A Space Odyssey to the University Of Sunderland

A Space Odyssey to the University Of Sunderland

Released: Monday 15th March 2010 at 00:00

The University of Sunderland's Law Department is boldly going where no UK law school has gone before.  From 2010 it will offer space law as part of its undergraduate law degree.

The university decided to leap into the final frontier of the legal system because space law is rapidly expanding in scope and importance. 

Space law covers the law relating to space activities and outer space. With the increasing interest in journeys into space by individuals, the militarisation of space, expanding privatisation of the space sector and what that means for legal system boundaries, problems concerning debris from space vehicles damaging property and the legal aspects of buying lunar real estate, legislation is having to take a giant leap to address specific space law issues. 

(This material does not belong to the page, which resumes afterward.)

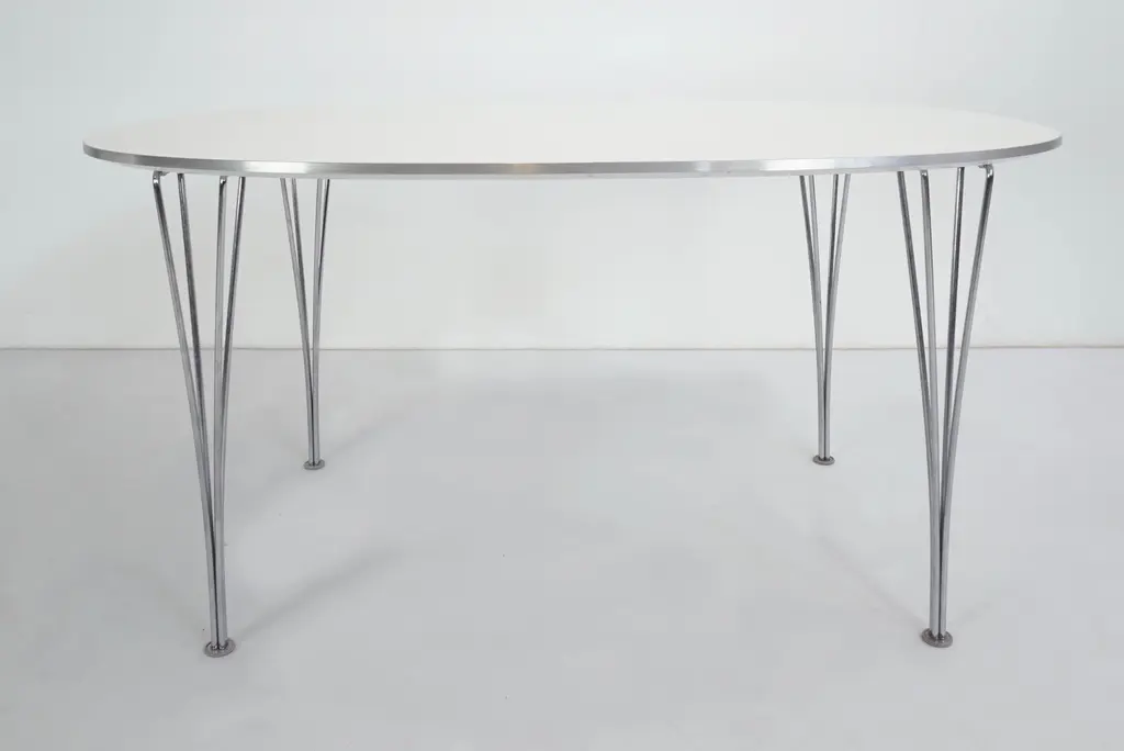 Also available an Elliptical table designed by Piet Hein, Bruno Mathsson, and Arne Jacobsen for Fritz Hansen. This piece has an attribution mark, I am sure that it is completely authentic and take full responsibility for any authenticity issues arising from misattribution

Viv Kinnaird, Dean of the Faculty of Business and Law at the University of Sunderland is delighted that the new module has been validated to begin in the new academic year 2010. She said:  "Our law degree already attracts huge praise for the quality of its teaching and the outstanding experience students enjoy. 

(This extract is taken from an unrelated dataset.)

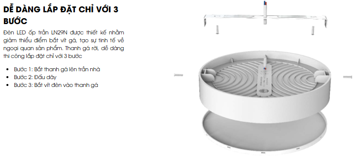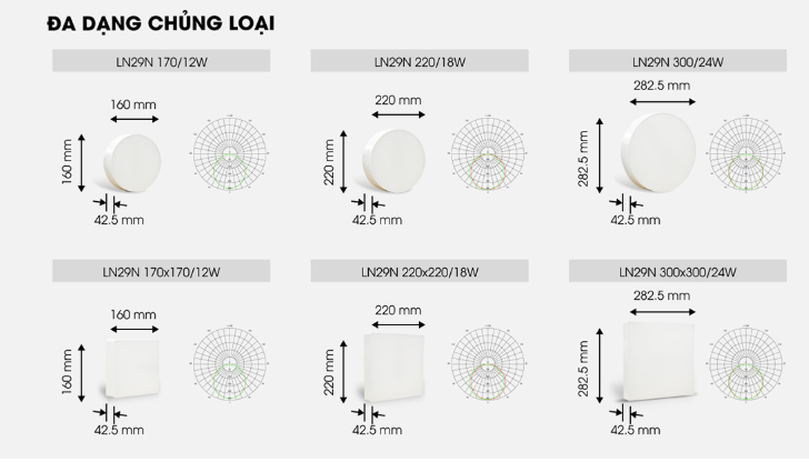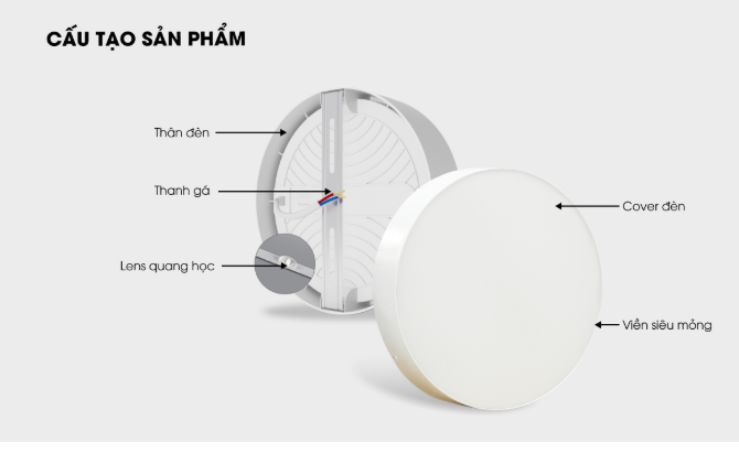 • Cover đèn bằng nhựa PC chất lượng cao, tạo mặt sáng đều, không bị chói, không lộ con LED.

"The space law module illustrates our commitment to deliver a distinctive law degree.  It is a fascinating topic which many students will benefit from studying. Their motivation and engagement, in our experience, translates directly into positive results."

The new third year course will include topics such as property issues, militarisation, telecommunications, intellectual property, regulatory, environment and export control.

Ben Middleton will teach the subject to University of Sunderland law students.  He said: "It's great that Sunderland is leading the way in the UK for space law as part of an undergraduate law degree. We expect it to be an extremely popular module."

Law lecturer Chris Newman will lead the space law module.  He said:  "This is a hugely exciting area which, despite being a relatively young aspect of law, is set to grow significantly in the future. Its relevance across commercial, company, property, environmental, intellectual property and IT practice sectors means it offers valuable knowledge in a fascinating area."

The space law module will sit along other distinctive modules for year three LLB students at Sunderland such as crime and terrorism and law and sexuality. 

The University of Sunderland's law department has won a clutch of prestigious national awards.  Sunderland was named as the best new University in the country for studying law by The Guardian in 2008.   Law at Sunderland was also ranked first in the UK for student satisfaction by the Times University Guide 2008. It has just been ranked first in the UK in the 2009 National Student Survey for five of seven aspects of final year programmes.  Sunderland was the only law department in 2009 to achieve a 100% satisfaction score in the survey.

Space law will be taught at the University of Sunderland as part of the LLB undergraduate degree from Autumn term 2010.